BigDL is a distributed deep learning library for Apache Spark; with BigDL, users can write their deep learning applications as standard Spark programs, which can directly run on top of existing Spark or Hadoop clusters.
-
Step1 build analytics-zoo jar clone analytics zoo to local: git clone https://github.com/intel-analytics/analytics-zoo build job2career-with-dependencies.jar: mvn clean install -DskipTests
-
Step 2 login on to web with credentials
-
Step 3 setup cluster
- Clusters -> create cluster
- give a name “intel” set up workers 1, uncheck auto scaling.
- Set up spark configuration here, for example
- spark.executor.cores 4
- spark.cores.max 4
- spark.shuffle.reduceLocality.enabled false
- spark.shuffle.blockTransferService nio
- spark.scheduler.minRegisteredResourcesRatio 1.0
- spark.speculation false
-
Step 4, upload data and dependency jar
- Data-> create table -> upload data, give a name for example ”NEG50”

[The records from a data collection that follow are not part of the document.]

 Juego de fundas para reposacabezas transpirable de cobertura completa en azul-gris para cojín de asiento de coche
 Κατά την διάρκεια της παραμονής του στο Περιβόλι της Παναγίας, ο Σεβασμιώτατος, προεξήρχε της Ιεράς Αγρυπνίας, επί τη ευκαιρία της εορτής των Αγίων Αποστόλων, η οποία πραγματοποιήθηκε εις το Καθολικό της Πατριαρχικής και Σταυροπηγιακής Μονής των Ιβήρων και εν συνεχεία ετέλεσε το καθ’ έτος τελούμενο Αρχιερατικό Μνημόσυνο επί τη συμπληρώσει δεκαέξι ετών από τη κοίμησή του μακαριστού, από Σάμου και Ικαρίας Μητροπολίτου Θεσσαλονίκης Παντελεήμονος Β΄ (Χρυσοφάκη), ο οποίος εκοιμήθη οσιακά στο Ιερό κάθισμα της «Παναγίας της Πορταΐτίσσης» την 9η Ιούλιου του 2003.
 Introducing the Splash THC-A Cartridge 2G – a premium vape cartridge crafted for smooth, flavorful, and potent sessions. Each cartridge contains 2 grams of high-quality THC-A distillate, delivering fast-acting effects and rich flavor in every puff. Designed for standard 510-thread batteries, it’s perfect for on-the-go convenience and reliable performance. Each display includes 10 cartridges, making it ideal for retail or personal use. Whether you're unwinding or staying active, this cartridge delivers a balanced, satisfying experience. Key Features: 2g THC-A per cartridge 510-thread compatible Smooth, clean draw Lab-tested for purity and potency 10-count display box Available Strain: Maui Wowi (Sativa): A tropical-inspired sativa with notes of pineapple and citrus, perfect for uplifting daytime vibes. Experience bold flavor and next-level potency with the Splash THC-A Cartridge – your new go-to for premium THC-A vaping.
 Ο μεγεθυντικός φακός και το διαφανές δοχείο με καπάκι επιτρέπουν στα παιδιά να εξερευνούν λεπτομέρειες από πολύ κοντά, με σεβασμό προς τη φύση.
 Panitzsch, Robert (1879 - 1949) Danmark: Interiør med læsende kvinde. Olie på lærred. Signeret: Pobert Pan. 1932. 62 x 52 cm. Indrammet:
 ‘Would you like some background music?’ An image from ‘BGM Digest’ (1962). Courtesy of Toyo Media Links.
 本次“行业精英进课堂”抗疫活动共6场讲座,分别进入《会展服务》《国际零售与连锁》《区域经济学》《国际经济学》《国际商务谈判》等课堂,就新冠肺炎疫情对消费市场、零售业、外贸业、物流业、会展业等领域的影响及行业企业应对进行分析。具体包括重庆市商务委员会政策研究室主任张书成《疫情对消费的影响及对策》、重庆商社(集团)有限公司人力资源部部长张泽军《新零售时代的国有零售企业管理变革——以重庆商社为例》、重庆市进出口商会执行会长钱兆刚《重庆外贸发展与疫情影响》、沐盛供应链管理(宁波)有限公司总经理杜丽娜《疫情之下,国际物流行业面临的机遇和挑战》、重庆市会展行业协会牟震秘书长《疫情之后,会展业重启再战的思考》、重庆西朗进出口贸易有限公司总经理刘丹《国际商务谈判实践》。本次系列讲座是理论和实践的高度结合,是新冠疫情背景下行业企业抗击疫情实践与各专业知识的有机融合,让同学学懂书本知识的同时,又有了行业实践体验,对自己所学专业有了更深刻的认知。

- /FileStore/taAbles/Jobs2Career/indexed/indexed/
- /FileStore/tables/Jobs2Career/indexed/NEG50/
- /FileStore/tables/Jobs2Career/lib/job2career_1_0_SNAPSHOT_job-0ca74.jar
-
Step 5 run job
- Jobs -> Create job -> give a name
- set Jar, Upload jar, give main class “com.intel.analytics.bigdl.apps.job2Career.TrainWithD2VGlove”, give arguments "--inputDir /FileStore/tables/Jobs2Career/indexed/“
- Add dependency lib dbfs:/FileStore/tables/Jobs2Career/lib/job2career_1_0_SNAPSHOT_job-0ca74.jar
- Edit cluster -> existing cluster, choose the one you created
- confirm -> run now -> see results from log